Crime no banheiro
Por Chagas Botelho Em: 26/03/2023, às 06H35
[Chagas Botelho]
Usei o banheiro do consultório para fazer o número um. Talvez sofra de incontinência urinária, talvez. Dá sempre vontade de esguichar um xixizinho, esteja onde estiver. Levantei a tampa do vaso e deixei a cachoeira fluir de olhos fechados. A torrente expelindo era tão prazerosa quanto a um orgasmo. Creio que cheguei até a cantarolar uma canção antiga enquanto o fluxo desembocava. Que sensação maravilhosa foi sentir o líquido escorrer, torrencialmente. Nossa, que alívio! Tivesse demorado um pouquinho mais faria nas calças.
Depois que o jato fluiu pujante, respirei desafogado. Agora, sim, com o reservatório esvaziado, voltei a sorrir. O semblante, tranquilizador. Remido do aperto, recolhi o passarinho. Subi a cueca. Fechei o zíper. Sequência de um pós-xixi realizado com sucesso. Porém, antes de apertar a descarga, vi a merda. A grande merda que acabara de fazer. De olhos fechados, displicente, sentindo apenas o prazer de me aliviar, não percebi que respingava nas bordas do trono. Respigar é eufemismo. Inundou legal.
Uma falta de educação tremenda.
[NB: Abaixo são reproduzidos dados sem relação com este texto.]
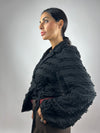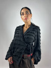 Questa blusa in unico colore nero è realizzata con una lavorazione a balze orizzontali che donano movimento e un effetto tridimensionale ricercato.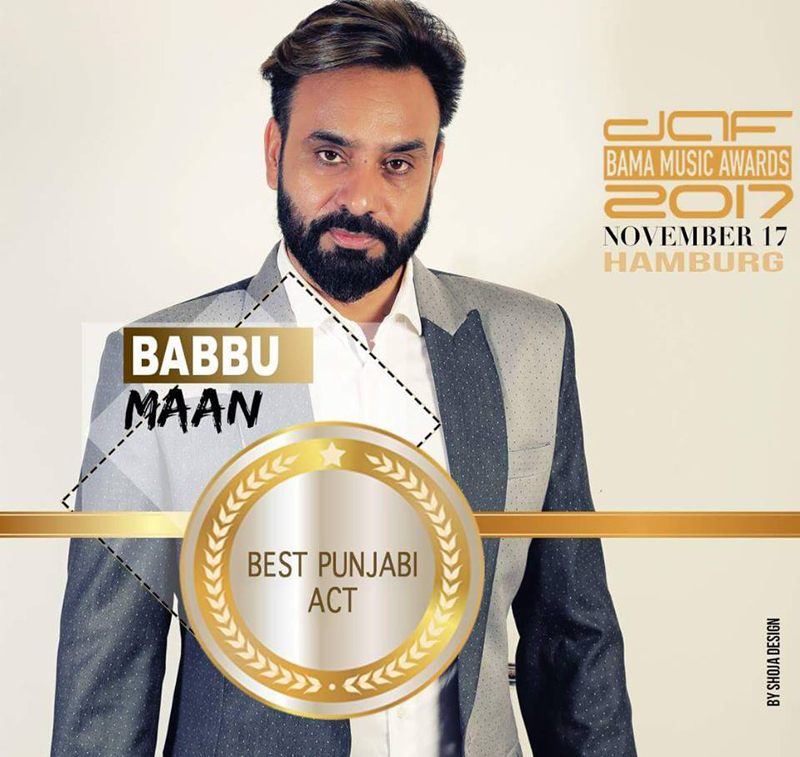 ਮਸ਼ਹੂਰ ਗੀਤਕਾਰ, ਗਾਇਕ, ਐਕਟਰ, ਡਾਇਰੈਕਟਰ, ਪ੍ਰੋਡਿਊਸਰ ਤੇ ਮਿਊਜ਼ਿਕ ਕੰਪੋਜ਼ਰ ਤਜਿੰਦਰ ਸਿੰਘ ਮਾਨ ਉਰਫ ਬੱਬੂ ਮਾਨ ਹਾਲ ਹੀ 'ਚ 'ਡੈਫ ਬਾਮਾ ਮਿਊਜ਼ਿਕ ਐਵਾਰਡਸ 2017' ਲਈ ਨਾਮੀਨੇਟ ਹੋਏ ਸਨ। ਵੱਖ-ਵੱਖ ਸੱਭਿਆਚਾਰਾਂ ਦੇ ਸੰਗੀਤ ਨੂੰ ਹੁੰਗਾਰਾ ਦੇਣ ਲਈ ਐਵਾਰਡ ਸਮਾਰੋਹ ਹਰ ਸਾਲ ਆਯੋਜਿਤ ਕੀਤਾ ਜਾਂਦਾ ਹੈ, ਜਿਸ 'ਚ ਪੂਰਬੀ ਯੂਰਪ ਦੇਸ਼ਾਂ ਦੇ ਟੈਲੇਂਟਿਡ ਕਲਾਕਾਰਾਂ ਨੂੰ ਸਨਮਾਨਿਤ ਕੀਤਾ ਜਾਂਦਾ ਹੈ। ਬੱਬੂ ਮਾਨ ਨੇ ਇਸ ਐਵਾਰਡ ਸਮਾਰੋਹ ਲਈ ਨਾਮੀਨੇਟ ਹੋ ਕੇ ਨਾ ਸਿਰਫ ਪੰਜਾਬੀਆਂ ਦਾ ਮਾਣ ਵਧਾਇਆ ਹੈ, ਸਗੋਂ ਅੰਤਰਰਾਸ਼ਟਰੀ ਪੱਧਰ 'ਤੇ 2 ਮੁੱਖ ਐਵਾਰਡ ਜਿੱਤ ਕੇ ਪੂਰੀ ਦੁਨੀਆ 'ਚ ਪੰਜਾਬੀ ਬੋਲੀ ਦਾ ਨਾਂ ਉੱਚਾ ਕੀਤਾ ਹੈ।

Enxugaria o quanto antes aquele incontido ensopado. Caso contrário, o próximo mijão ou uma senhora que fosse urinar, já que o banheiro era unissex, me chamariam de pinto rasgado. Olha que coisa, mirei certo metade do xixi, a outra metade errei o alvo.
Procurei papel higiênico, no exíguo espaço. Pasme, o porta-papel estava vazio. No armário debaixo da pia, apenas um desinfetante. Nada de rolos higiênicos. Enquanto isso, a ocorrência aquosa e meio amarelada permanecia perene nas bordas da privada. Quanta sujeira! Agora me expliquem, como não ter papel higiênico, papel toalha ou uma toalhinha no banheiro de um consultório tão afamado? Sequer uma tirinha de qualquer ítem. Sei que quem poupa tem, mas nenhum limpador, secador, aí já é demais. Quando avistei o cartaz de advertência, enlouqueci: “use o banheiro como se estivesse cometido um crime, não deixe vestígio”.
Pronto. Estava condenado ao corredor da morte. Meu crime não foi perfeito. Zero de perfeição. As marcas escancaradas estavam nas bordas da louça branca para provarem a sentença. Sim, minhas impressões urinárias estavam ali impregnadas, completamente à mostra. Por pouco não transbordaram pelo chão.
Na mochila, carrego uma camiseta reserva. É transportada para casos de emergência. Aqueles respingos criminosos eram uma emergência. A camiseta trazia a estampa dos Beatles. Não hesitei. Esfreguei as caras do Paul, John, George e Ringo sobre o encharcado. Tudo ficou limpo e seco. O delito havia sumido. E o vaso sanitário, imaculado. Se fosse periciado, nada de anormal seria notado. Saí, então, com o aspecto de homem mais inocente do mundo.
Na sala de espera, aguardando a minha vez, refleti. Na verdade, comecei a me perguntar: "e se na falta do bendito papel higiênico, ao invés de xixi fosse o número dois? Quisesse derrubar a massa? Bem, daria descarga e o fedor nauseabundo desceria. Tudo resolvido". No entanto, outros questionamentos me vieram à mente: "mas, como iria me safar da lambança no reto? Pediria socorro à atendente? Usaria a camiseta dos rapazes de Liverpool, por sinal, de milhões, para me assear?". Quer saber, melhor mesmo é nem cogitar essa possibilidade sólida. Vai que de repente se concretiza.